Examines the contents of the incoming FlowFile to infer an Avro schema. The processor will use the Kite SDK to make an attempt to automatically generate an Avro schema from the incoming content. When inferring the schema from JSON data the key names will be used in the resulting Avro schema definition. When inferring from CSV data a “header definition” must be present either as the first line of the incoming data or the “header definition” must be explicitly set in the property “CSV Header Definition”. A “header definition” is simply a single comma separated line defining the names of each column. The “header definition” is required in order to determine the names that should be given to each field in the resulting Avro definition. When inferring data types the higher order data type is always used if there is ambiguity. For example when examining numerical values the type may be set to “long” instead of “integer” since a long can safely hold the value of any “integer”. Only CSV and JSON content is currently supported for automatically inferring an Avro schema. The type of content present in the incoming FlowFile is set by using the property “Input Content Type”. The property can either be explicitly set to CSV, JSON, or “use mime.type value” which will examine the value of the mime.type attribute on the incoming FlowFile to determine the type of content present.

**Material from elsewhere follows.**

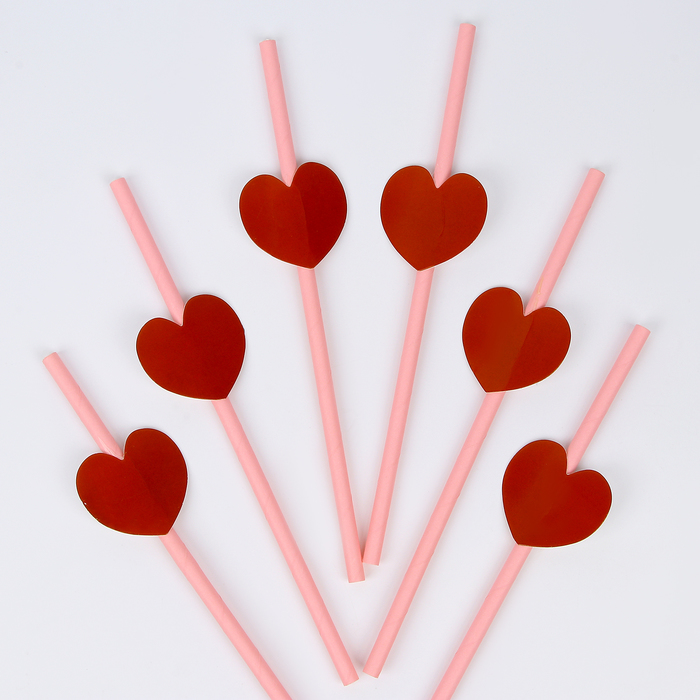 Трубочки для коктейля «Сердце», набор 6 шт.

kite, avro, infer, schema, csv, json


In the list below, the names of required properties appear in bold. Any other properties (not in bold) are considered optional. The table also indicates any default values, and whether a property supports the Expression Language Guide.

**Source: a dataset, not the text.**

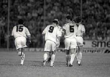 NEG-26-08-1992 REGGIO EMILIA SEDICESIMI DI FINALE DI COPPA ITALIA REGGIANA 3-INTER 4 NELLA FOTO ABBRACCI GIOCATORI INTER DOPO ILGOAL AG ALDO LIVERANI SAS

Name Default Value Allowable Values Description
Schema Output Destination flowfile-content * flowfile-attribute
* flowfile-content
Control if Avro schema is written as a new flowfile attribute 'inferred.avro.schema' or written in the flowfile content. Writing to flowfile content will overwrite any existing flowfile content.
Input Content Type use mime.type value * use mime.type value
* json
* csv
Content Type of data present in the incoming FlowFile's content. Only "json" or "csv" are supported. If this value is set to "use mime.type value" the incoming Flowfile's attribute "MIME_TYPE" will be used to determine the Content Type.
CSV Header Definition This property only applies to CSV content type. Comma separated string defining the column names expected in the CSV data. EX: "fname,lname,zip,address". The elements present in this string should be in the same order as the underlying data. Setting this property will cause the value of "Get CSV Header Definition From Data" to be ignored instead using this value.
Supports Expression Language: true
Get CSV Header Definition From Data true * true
* false
This property only applies to CSV content type. If "true" the processor will attempt to read the CSV header definition from the first line of the input data.
CSV Header Line Skip Count 0 This property only applies to CSV content type. Specifies the number of lines that should be skipped when reading the CSV data. Setting this value to 0 is equivalent to saying "the entire contents of the file should be read". If the property "Get CSV Header Definition From Data" is set then the first line of the CSV file will be read in and treated as the CSV header definition. Since this will remove the header line from the data care should be taken to make sure the value of "CSV header Line Skip Count" is set to 0 to ensure no data is skipped.
Supports Expression Language: true
CSV delimiter , Delimiter character for CSV records
CSV Escape String \ This property only applies to CSV content type. String that represents an escape sequence in the CSV FlowFile content data.
Supports Expression Language: true
CSV Quote String ' This property only applies to CSV content type. String that represents a literal quote character in the CSV FlowFile content data.
Supports Expression Language: true
Pretty Avro Output true * true
* false
If true the Avro output will be formatted.
Avro Record Name Value to be placed in the Avro record schema "name" field.
Supports Expression Language: true
Number Of Records To Analyze 10 This property only applies to JSON content type. The number of JSON records that should be examined to determine the Avro schema. The higher the value the better chance kite has of detecting the appropriate type. However the default value of 10 is almost always enough.
Supports Expression Language: true
Charset UTF-8 Character encoding of CSV data.


Name Description
original Original incoming FlowFile data
unsupported content The content found in the flowfile content is not of the required format.
failure Failed to create Avro schema from data.
success Successfully created Avro schema from data.

Reads Attributes:

Name Description
mime.type If configured by property "Input Content Type" will use this value to determine what sort of content should be inferred from the incoming FlowFile content.

Writes Attributes:

Name Description
inferred.avro.schema If configured by "Schema output destination" to write to an attribute this will hold the resulting Avro schema from inferring the incoming FlowFile content.